É uma dinâmica muito complexa e é uma irresponsabilidade fazer qualquer prognóstico. Não se termina uma pandemia por decreto. Os imperadores romanos tentaram, não deu certo. Remover a emergência sanitária é mais um capítulo dos absurdos cometidos por esse governo. Tem uma motivação evidentemente política em decretar vitória, como se você estivesse disputando um campeonato e decretando unilateralmente ter vencido, mesmo estando na zona de rebaixamento da tabela. E acho que convenceu, porque as pessoas estão vivendo atualmente como se não houvesse amanhã”.

“Quando você remove a imagem mais clara de que existe um problema sanitário no Brasil, que é o uso de máscara, você tenta instalar a mensagem na cabeça das pessoas de que a pandemia acabou. Isso foi feito no mundo inteiro”

“A pandemia é um fenômeno global, e espaço-temporal. Estamos interligados… tem que pensar no planeta como contínuo. Você vai ter áreas de contração e expansão. A peste bubônica levou quase 200 anos para partir da Europa e chegar na China, 200 anos para o troço cruzar o mundo. Hoje temos as vacinas, mas ao mesmo tempo nós estamos em uma conexão de horas entre qualquer país”

“A gente não está prestando atenção mas isso é conhecido – os grandes fenômenos humanos como a queda do Império Romano ou expansão do mundo árabe foram todos decorrências de grandes episódios pandêmicos como varíola, sarampo, praga bubônica”.

“Houve arrefecimento no número de casos de covid, e começaram a aparecer casos de dengue. No que a covid explodiu, a dengue caiu. Não tem uma explicação causal, mas é uma tese que estou começando a disseminar. Existe uma competição entre os vírus. 2020 era para ser a maior epidemia de dengue da história, e isso não ocorreu. Mas agora ela está vindo com tudo”.

“Eu acho que chega próximo de 1 milhão o número de mortes no Brasil, até agora, considerando as subnotificações e os excedentes, em que a pneumonia ou a insuficiência renal aparecem no atestado de óbito por exemplo, mas onde efetivamente a covid foi a causa primária”

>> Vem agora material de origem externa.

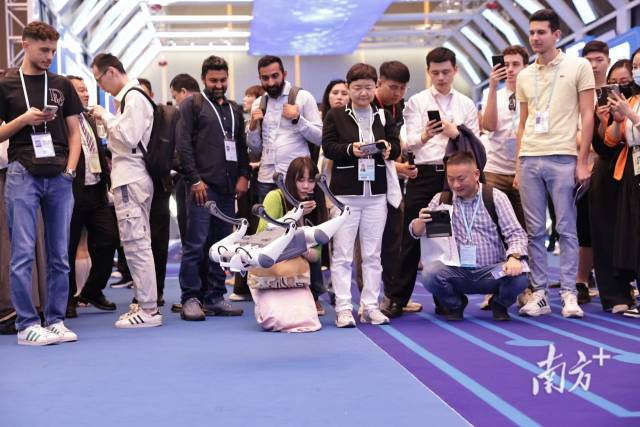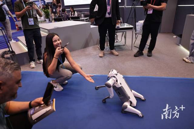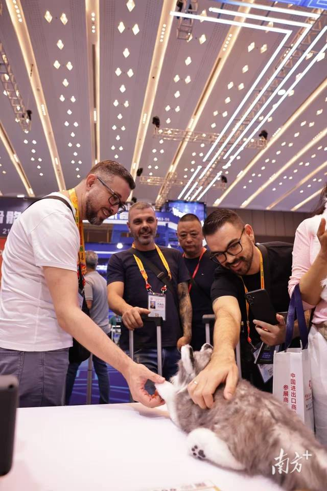 “太可爱了!我忍不住亲了它一口。”美国采购商伊森·帕克对深圳大象机器人的机器狗“一见钟情”,立刻决定现场下单。

“Tinha gente dizendo que a pandemia ia acabar em outubro do ano passado, mas a ômicron, por alguma razão ainda desconhecida, deu origem a uma gama enorme de subvariantes”.

“Enquanto a gente comemorava o Carnaval, na Ásia houve um megasurto de uma subvariante da ômicron, a BA2, muito mais transmissível. Na China, foi preciso fazer lockdown porque ali, se a coisa sai do controle, explode. A BA2 invadiu a Europa e você começa a ver 200 mil casos na Alemanha, no Reino Unido, a França com 150 mil casos”.

“Aparentemente, a explosão recente de casos na Coreia do Sul está relacionada com uma campanha presidencial extremamente polarizada que houve, gerando comícios e aglomerações. Não vejo aqui ninguém falando sobre pandemia, seja na agenda política, seja trazendo uma proposta de estratégia de saúde pública. Este assunto foi obliterado das discussões politicas, não interessa de que lado. O Brasil poderia ter produzido suas próprias vacinas eficazes. Nós tínhamos que estar pensando nisso”.

“A letalidade da Ômicron, em nível individual, parecia ser menor. Todavia, como o número de infectados foi tão explosivo, o número de mortes no mundo foi muito alto, chegou perto do recorde de mortes diárias. Chegamos a ter em alguns dias 13 e 14 mil mortes no mundo como um todo”.

“A pandemia nos ensinou múltiplas lições, desde como viver com menos de maneira mais racional, até recalibrar a forma de viver em sociedade. O vírus nos alertou que nosso modo de viver não é sustentável. Esta é uma oportunidade para refletir e ao mesmo tempo se proteger”.